O'Neill never acquired a taste for elegance in dress, but he did learn that one can be well dressed without being affected; in fact, good grooming, at least in public, became a habit of his.

One of the things O'Neill had wanted all his life was a carriage dog, a spotted Dalmatian such as he had seen running alongside the carriages of the rich when he was a boy in New London. That year he bought Blemie, just such a dog, who was to remain with O'Neill and Carlotta for the next two decades.

O'Neill did his banking with the Guaranty Trust Company and arranged for its London branch at 50 Pall Mall to forward all his mail but to keep his exact whereabouts secret. At the end of April he was staying at Guéthary, in the Basque country of southwest France, where he set to work writing Dynamo. The play is about a young man who loses his faith in God and places it in science, as symbolized by a dynamo. He falls in love with the daughter of an atheist family. His love for his mother and for the dynamo fuse into the same sort of all-embracing emotion. He kills the girl, after denouncing her as a harlot (as his mother has done), and then flings himself into the dynamo. His cries are swallowed in the hum of the dynamo. Many meanings can be read into this play -- altogether too many, in fact. But, as one of the playwright's friends said, "At least you grant that O'Neill was not afraid to come to grips with great themes." In this instance, his grip was not too firm.

Although it was one of his poorest plays, when he sent it to Langner O'Neill said it was "the real stuff." The idea for it had come to him near Ridgefield, where he saw a dynamo powered by a river. He heard its eerie hum and had the feeling of looking at some modern god. Dynamo, O'Neill wrote, was a

. . . symbolical and factual biography of what is happening in a large section of the American soul right now. It is really the first play of a trilogy that will dig at the roots of the sickness of today as I feel it -- the death of an old god and the failure of science and materialism to give any satisfying new one for the surviving, primitive, religious instinct to find a meaning for life in, and to comfort its fears of death with. It seems to me that anyone trying to do big work nowadays must have this big subject behind all the little subjects of his plays or novels, or he is simply scribbling around on the surface of things and has no more real status than a parlor entertainer. The other two plays will be Without Ending of Days [O'Neill later changed this to Days Without End] and It Cannot Be Mad.

As Clark noted, "There was an ominous note in all this. O'Neill seemed to be worrying too much about God and his own soul. I believe he was doing too much of his own private thinking aloud, playing an autobiographical Strange Interlude with long asides." Clark suggested that O'Neill simply could not let his philosophy mature but "must out with it incontinently."


It is ironic that, at the precise time that O'Neill was running away from his wife and two children, he should have been so deeply concerned with immorality and the "sickness of today." To a friend he said that he was writing about "the spiritual uneasiness and degeneration into which the sterile failure of science and materialism to give birth to a new God that can satisfy our primitive religious cravings has thrown us."

Did O'Neill relate any of his deep concerns about morality to his own personal situation?
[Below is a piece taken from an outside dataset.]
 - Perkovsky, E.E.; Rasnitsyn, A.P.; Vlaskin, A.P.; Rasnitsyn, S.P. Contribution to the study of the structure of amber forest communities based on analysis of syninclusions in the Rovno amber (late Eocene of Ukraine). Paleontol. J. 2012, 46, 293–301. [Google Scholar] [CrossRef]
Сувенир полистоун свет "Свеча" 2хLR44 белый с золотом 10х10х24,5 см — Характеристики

At the end of April, 1928, while he was at Guéthary, he had to apologize to his friend De Casseres for having failed to keep his promise to write the introduction to De Casseres' book. He couldn't get settled down or get his mind on an even keel. He was all shot to pieces over his "gathering domestic troubles" and the unceasing barrage of the "hounding yellow press." They were constantly on his tail -- so much so that at times his brain was unable to concentrate. Hate appeared to be suffocating him.
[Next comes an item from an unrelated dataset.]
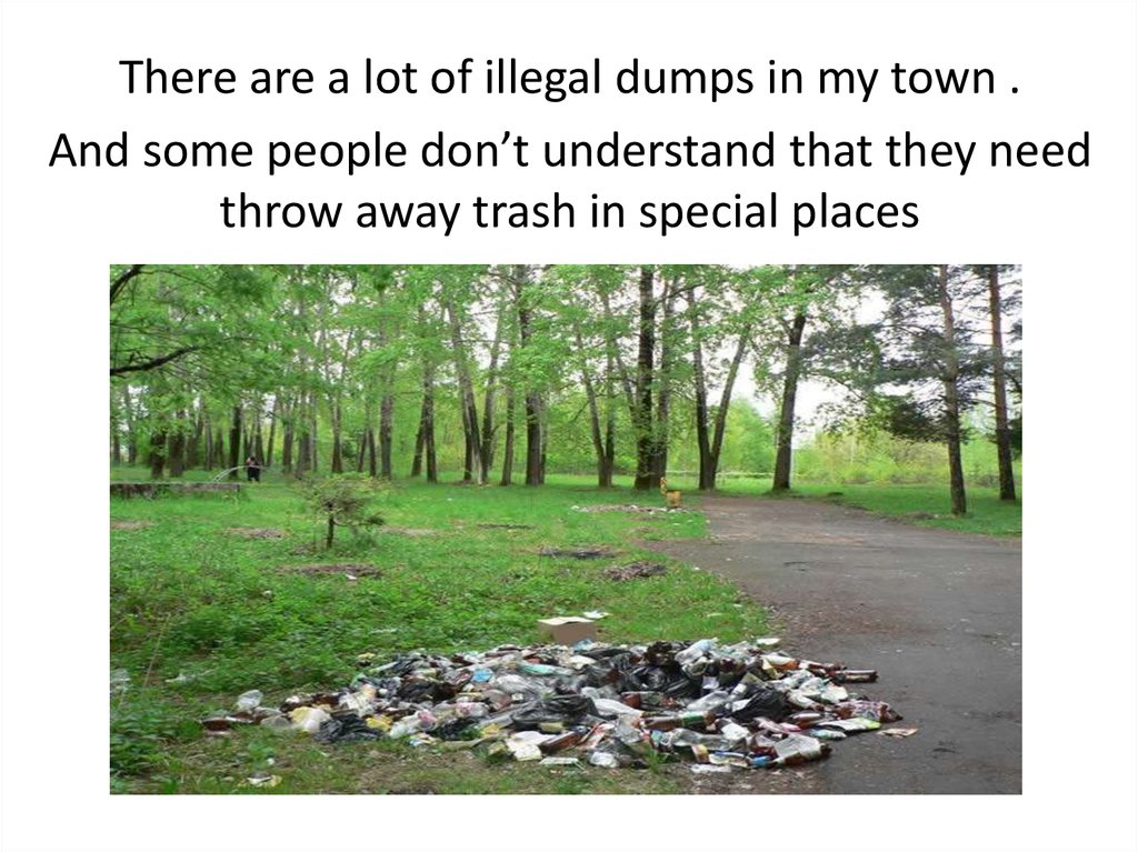 There are a lot of illegal dumps in my town .And some people don’t understand that they need

From what he told many of his friends, he felt that Agnes was his enemy, the "agent" of his vultures. Some of the people who knew him then have remarked that it was almost as if he were furious with Agnes and the children because he had deserted them. He quoted Agnes as having said she was going "to take him for all he's got." (Agnes has denied she ever said anything of the sort.) He said that she was "evidently" going to take advantage of his present situation in spite of the pledge on which their marriage had been made -- that when love ended they would break clear. He wanted things to be arranged without friction and "the inevitable publicity." He was being "forced to stand up for his economic rights." Otherwise his entire economic future would be mortgaged, he complained.
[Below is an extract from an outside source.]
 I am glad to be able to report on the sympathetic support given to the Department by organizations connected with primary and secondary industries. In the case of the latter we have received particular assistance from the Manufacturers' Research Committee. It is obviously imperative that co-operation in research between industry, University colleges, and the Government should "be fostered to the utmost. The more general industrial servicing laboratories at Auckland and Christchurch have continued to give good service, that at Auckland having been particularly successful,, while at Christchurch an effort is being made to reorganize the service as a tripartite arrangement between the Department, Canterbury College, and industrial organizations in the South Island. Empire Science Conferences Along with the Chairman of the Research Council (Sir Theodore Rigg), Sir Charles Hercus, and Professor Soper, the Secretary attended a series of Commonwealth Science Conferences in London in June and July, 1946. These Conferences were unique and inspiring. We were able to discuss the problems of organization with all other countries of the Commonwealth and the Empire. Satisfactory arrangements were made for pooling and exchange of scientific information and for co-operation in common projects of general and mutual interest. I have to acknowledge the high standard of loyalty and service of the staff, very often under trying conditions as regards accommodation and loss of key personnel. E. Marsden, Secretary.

To some of the people to whom he wrote letters he said he was in Prague, although he was in Guéthary. To others he confided his real whereabouts, but he cautioned them against ever telling anyone. He felt like a rabbit in an open field being sniped at and unable to run. This internal strife and frustration had been going on, he said, a half year before he left New York. As he used to say, over and over again, "it was raining boxing gloves."

By July, he was able to finish his introduction to De Casseres' book, Anathema of Litanies. In sending it off, he told De Casseres to change it any way he liked. Things seemed to be going better for him, O'Neill said, although he had to be constantly moving about Europe.

In the middle of September he reported that he had finished Dynamo and that it was "one of my ones." He seemed to take delight in the idea that he would catch it "down his neck" for what he had written. The fundamentalist brethren already thought of him, he said, as some sort of Antichrist. He had thought up an over-all title for the trilogy of which Dynamo was a part: God is Dead! Long Live -What?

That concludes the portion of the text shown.